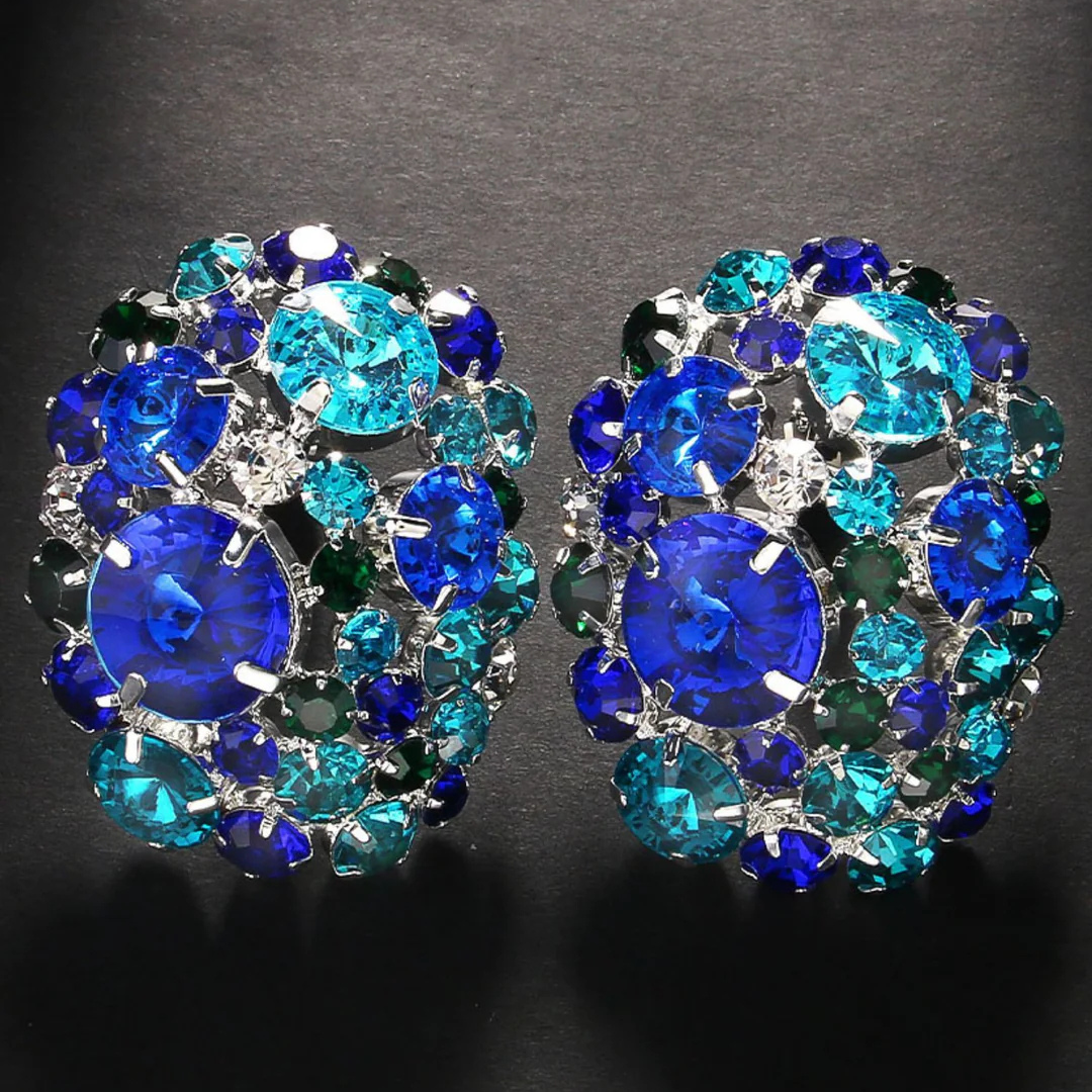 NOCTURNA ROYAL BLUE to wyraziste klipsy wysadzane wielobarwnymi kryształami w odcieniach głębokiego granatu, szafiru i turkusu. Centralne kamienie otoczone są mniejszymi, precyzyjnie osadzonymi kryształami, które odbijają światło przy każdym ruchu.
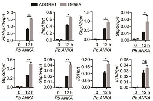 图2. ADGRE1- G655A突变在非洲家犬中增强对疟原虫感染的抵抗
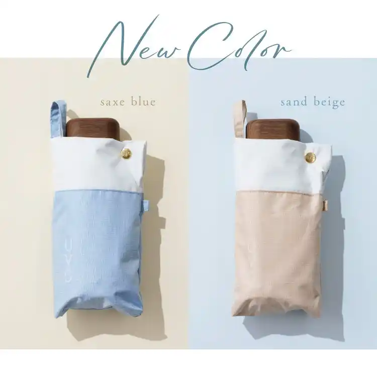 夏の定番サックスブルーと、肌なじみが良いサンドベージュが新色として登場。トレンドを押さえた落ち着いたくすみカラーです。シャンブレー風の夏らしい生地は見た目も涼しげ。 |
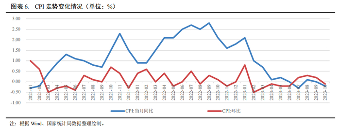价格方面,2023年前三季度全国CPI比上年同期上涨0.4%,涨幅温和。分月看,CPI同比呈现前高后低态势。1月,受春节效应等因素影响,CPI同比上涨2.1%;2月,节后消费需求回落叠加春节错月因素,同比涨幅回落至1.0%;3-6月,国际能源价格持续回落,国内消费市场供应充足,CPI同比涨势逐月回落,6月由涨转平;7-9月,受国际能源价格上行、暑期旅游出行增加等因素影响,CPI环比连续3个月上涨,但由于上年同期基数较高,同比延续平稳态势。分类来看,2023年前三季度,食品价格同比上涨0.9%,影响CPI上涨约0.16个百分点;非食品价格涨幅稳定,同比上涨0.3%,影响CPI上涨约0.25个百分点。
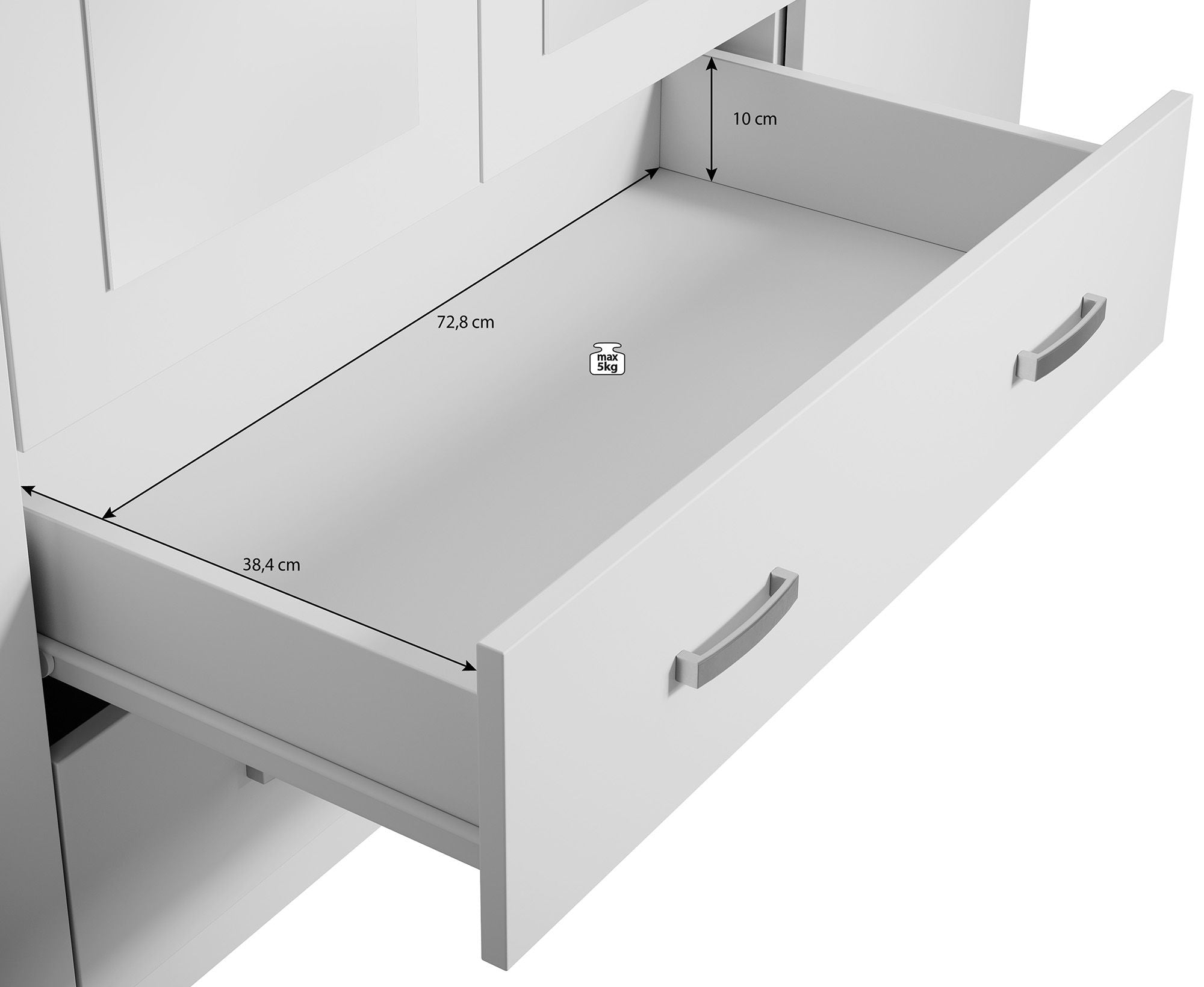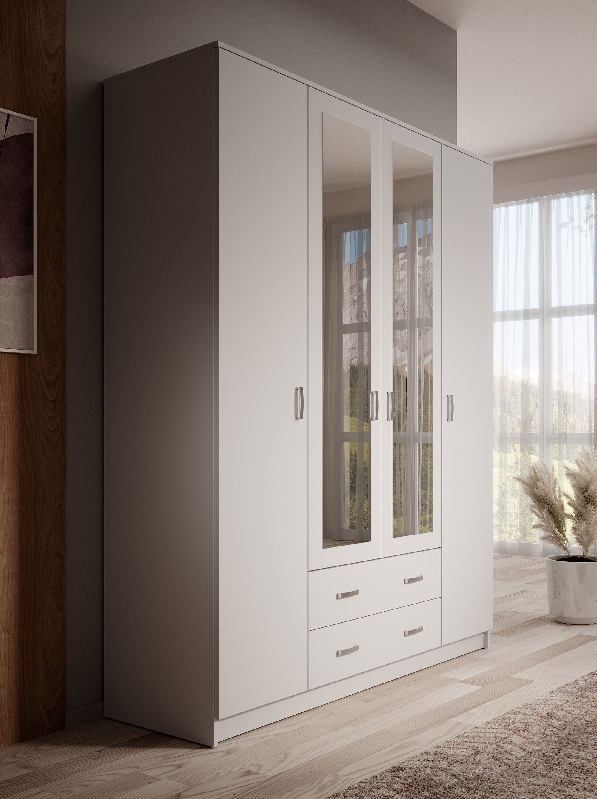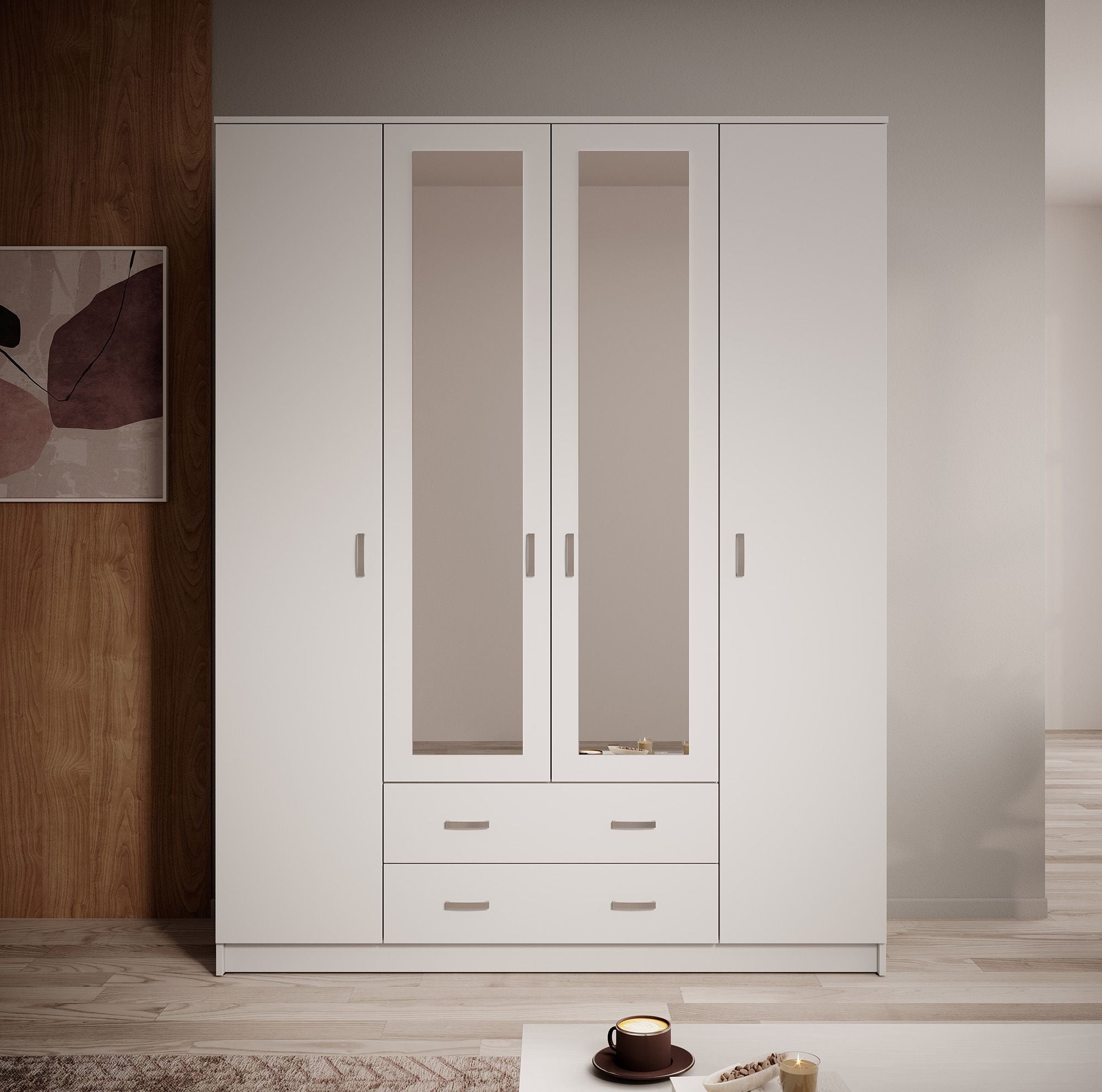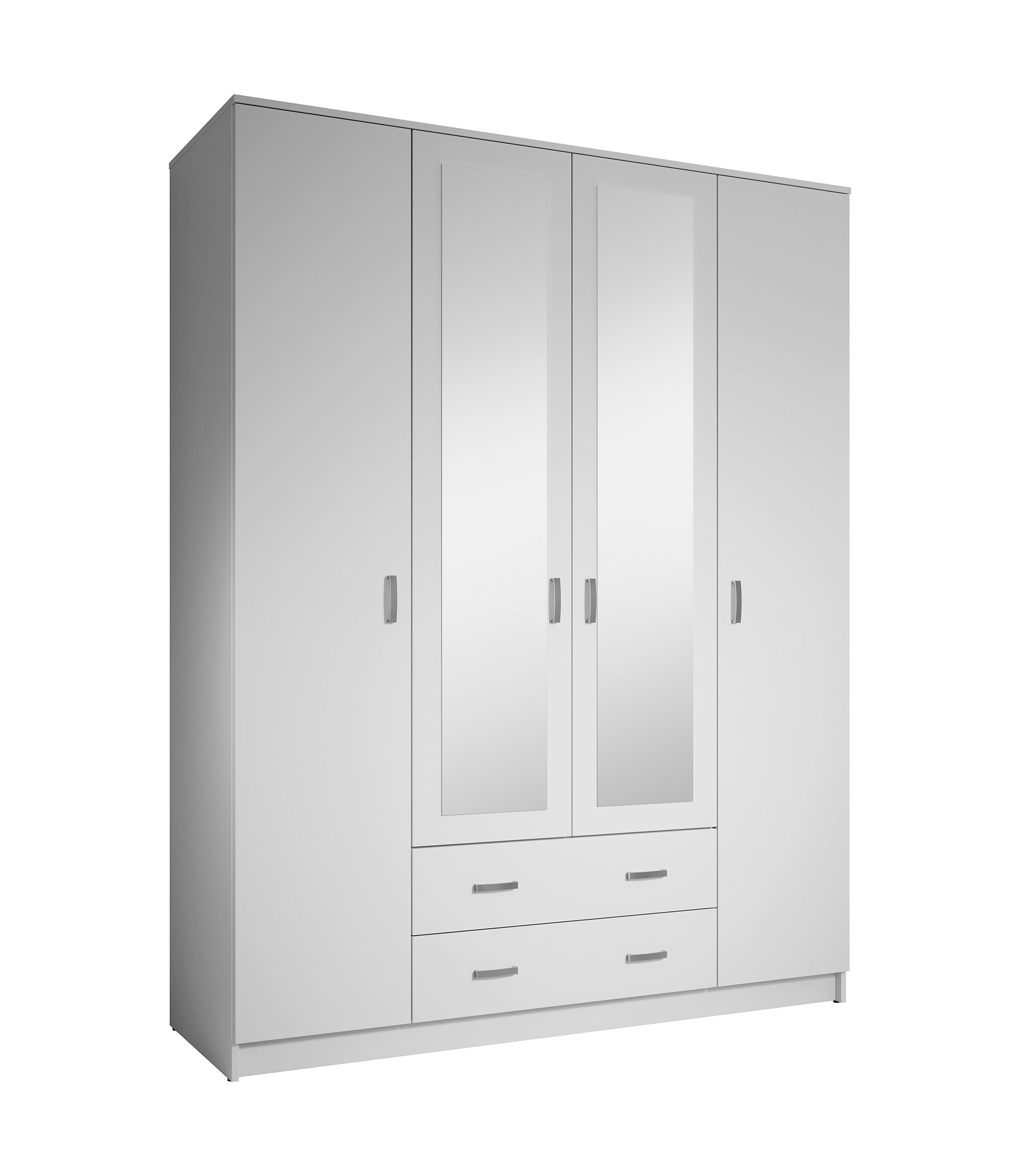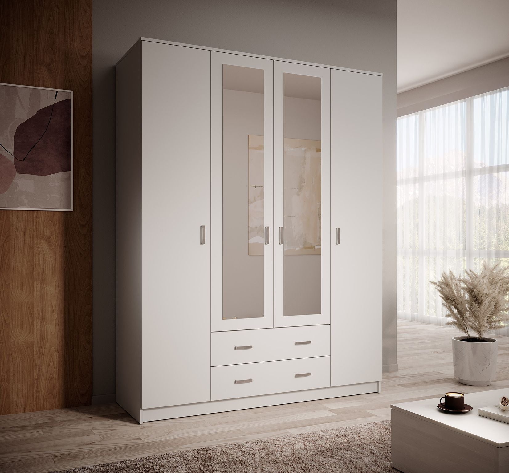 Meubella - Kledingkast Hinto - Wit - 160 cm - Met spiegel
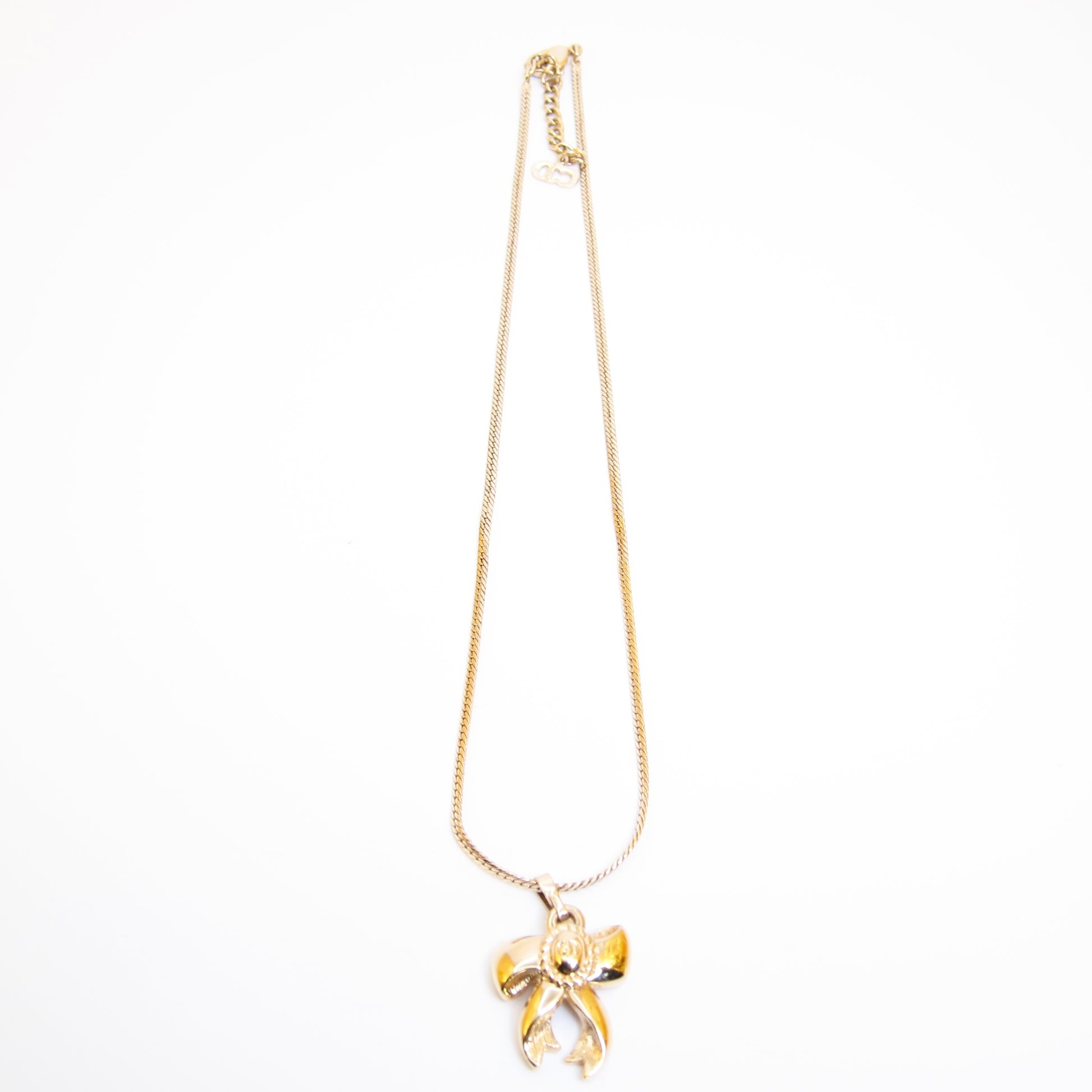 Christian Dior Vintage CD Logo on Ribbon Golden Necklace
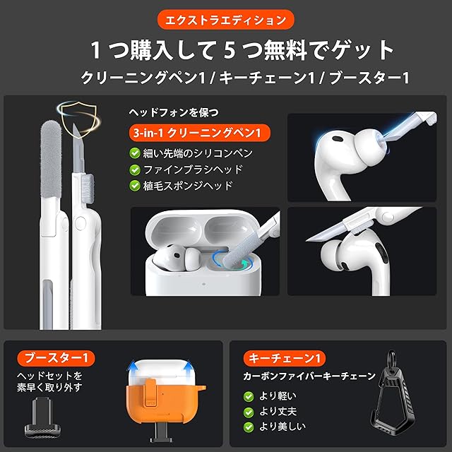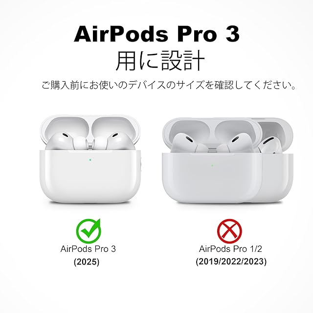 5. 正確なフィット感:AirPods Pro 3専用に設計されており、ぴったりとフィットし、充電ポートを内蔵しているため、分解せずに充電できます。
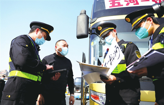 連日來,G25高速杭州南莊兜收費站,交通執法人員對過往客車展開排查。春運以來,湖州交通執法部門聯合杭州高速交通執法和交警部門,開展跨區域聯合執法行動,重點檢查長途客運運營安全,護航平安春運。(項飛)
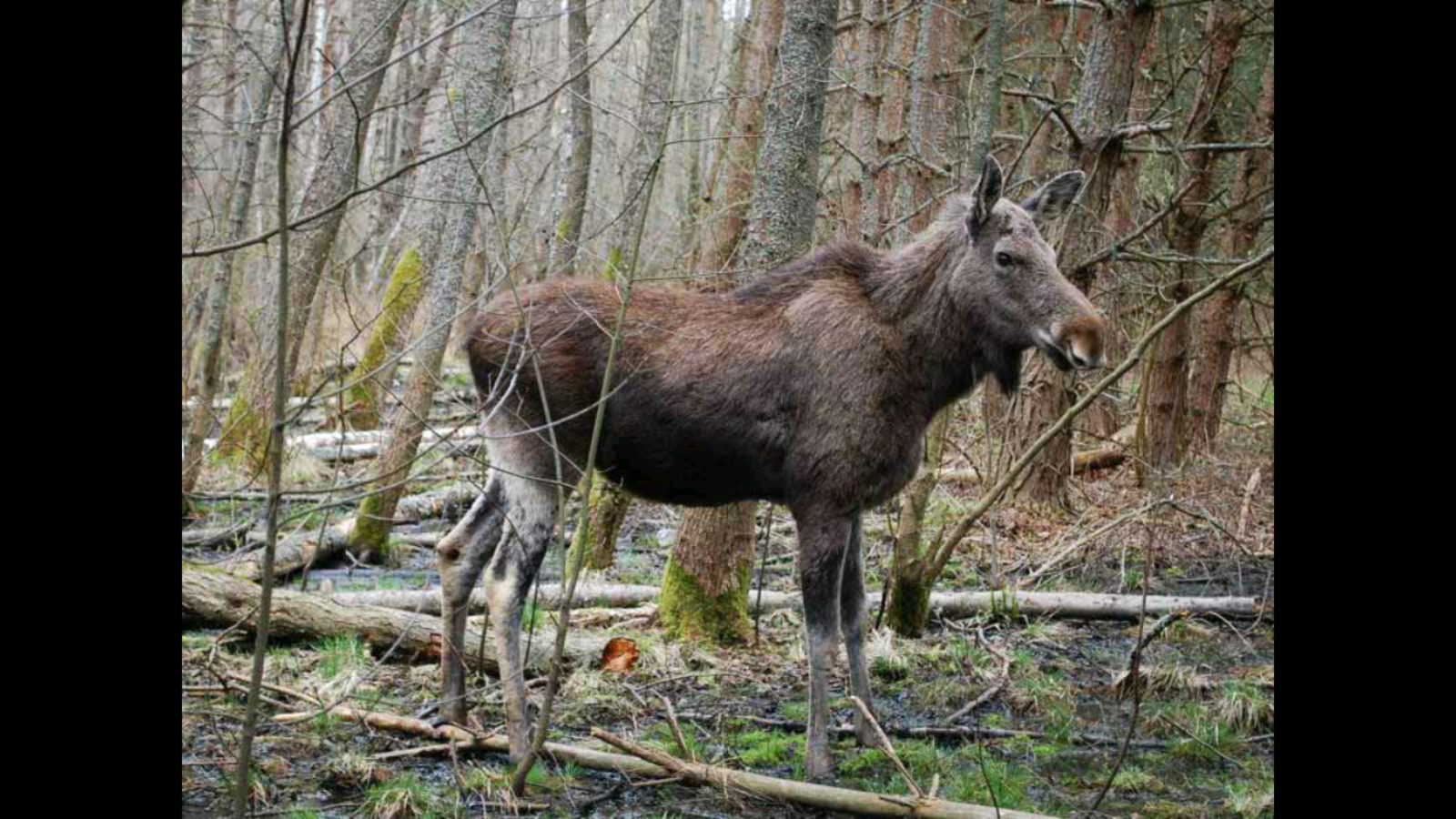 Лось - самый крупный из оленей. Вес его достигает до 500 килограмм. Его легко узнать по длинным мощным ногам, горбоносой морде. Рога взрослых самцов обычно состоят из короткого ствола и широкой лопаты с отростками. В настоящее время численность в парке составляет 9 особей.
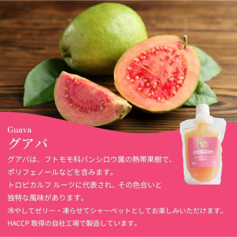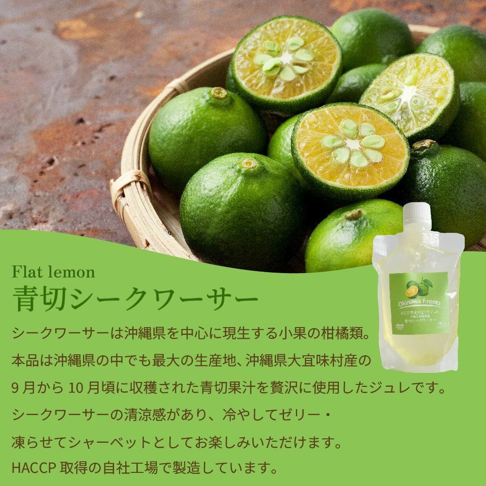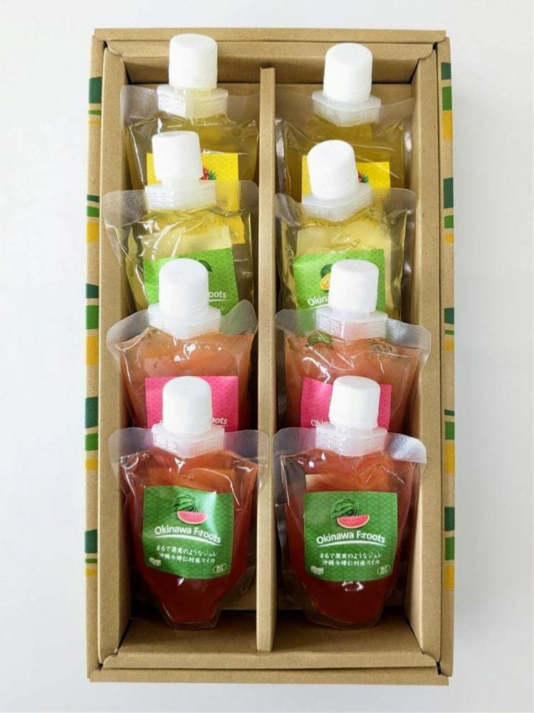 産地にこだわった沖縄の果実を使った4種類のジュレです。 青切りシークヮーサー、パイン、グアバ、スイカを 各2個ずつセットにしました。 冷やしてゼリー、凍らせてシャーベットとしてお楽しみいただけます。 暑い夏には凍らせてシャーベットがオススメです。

•••••

Above this task is a listing with pictures in it. Retype only the lines from the one containing "夏の定番サックスブルーと、肌" through the one containing "Christian Dior Vintage", both included, and not the pictures.

**EXERCISE OUTPUT**
 夏の定番サックスブルーと、肌なじみが良いサンドベージュが新色として登場。トレンドを押さえた落ち着いたくすみカラーです。シャンブレー風の夏らしい生地は見た目も涼しげ。 |
价格方面,2023年前三季度全国CPI比上年同期上涨0.4%,涨幅温和。分月看,CPI同比呈现前高后低态势。1月,受春节效应等因素影响,CPI同比上涨2.1%;2月,节后消费需求回落叠加春节错月因素,同比涨幅回落至1.0%;3-6月,国际能源价格持续回落,国内消费市场供应充足,CPI同比涨势逐月回落,6月由涨转平;7-9月,受国际能源价格上行、暑期旅游出行增加等因素影响,CPI环比连续3个月上涨,但由于上年同期基数较高,同比延续平稳态势。分类来看,2023年前三季度,食品价格同比上涨0.9%,影响CPI上涨约0.16个百分点;非食品价格涨幅稳定,同比上涨0.3%,影响CPI上涨约0.25个百分点。
 Meubella - Kledingkast Hinto - Wit - 160 cm - Met spiegel
 Christian Dior Vintage CD Logo on Ribbon Golden Necklace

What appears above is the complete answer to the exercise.